Bavarian Greens say limited runtime extension of Isar 2 nuclear plant is viable option if necessary
Leading Green Party politicians in Bavaria have said that a limited extension of the southern German state’s remaining nuclear plant would be an option if the federal government’s current “stress test” for the country’s grid indicates this. Katharina Schulze and Ludwig Hartmann, Green parliamentary group leaders in the Bavarian state parliament, told newspaper Bild in an interview that Green Party voters in general “clearly say no to a runtime extension.” However, given the current energy crisis, and Bavaria being “the energy policy problem child of the country,” the situation might make a limited extension of the Isar 2 reactor a necessary relief for the state’s energy security. The state’s governing conservative party CSU, which has had a firm grip on the state’s government in its entire post-war history, has “delayed grid expansion and blocked the expansion of wind power,” Schulze said. “If the stress test reveals that we’ll have a supply bottleneck in southern Germany, everything is up for debate. We will then have several alternatives. A ”stretched “ operation [meaning no new fuel rods are used] for a few months would be one of them,” Hartmann said, adding that the goal to quickly end the “high-risk technology” would remain unchanged.

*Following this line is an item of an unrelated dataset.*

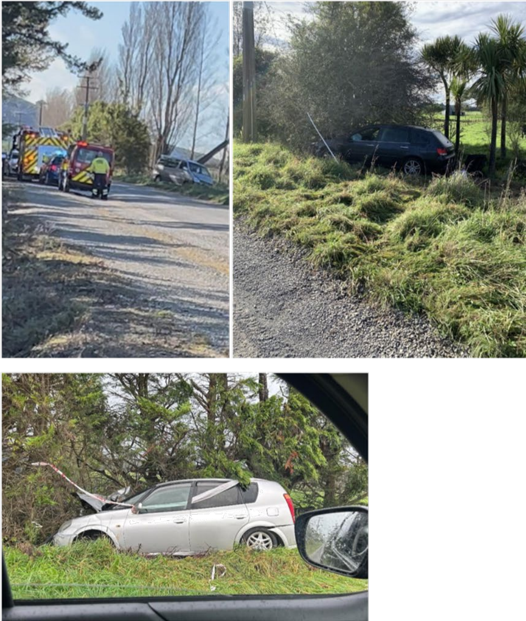
Images 19-21: Three vehicle accidents on the gravel section of Underhill Road in 2024

Council staff acknowledged safety concerns in the original Featherston Quarry consent, stating:

The German government has been considering a runtime extension for the country’s three remaining nuclear reactors shortly after the beginning of Russia’s war on Ukraine. A first analysis found the plants that covered three percent of Germany’s energy supply in the first half of 2022 cannot make a meaningful contribution to resolving the gas supply crunch. However, the government ordered a second analysis, a so-called grid stress test, to assess whether keeping the plants in stretched operation can be of help to secure regional grid stability. The test’s results are expected before the end of August.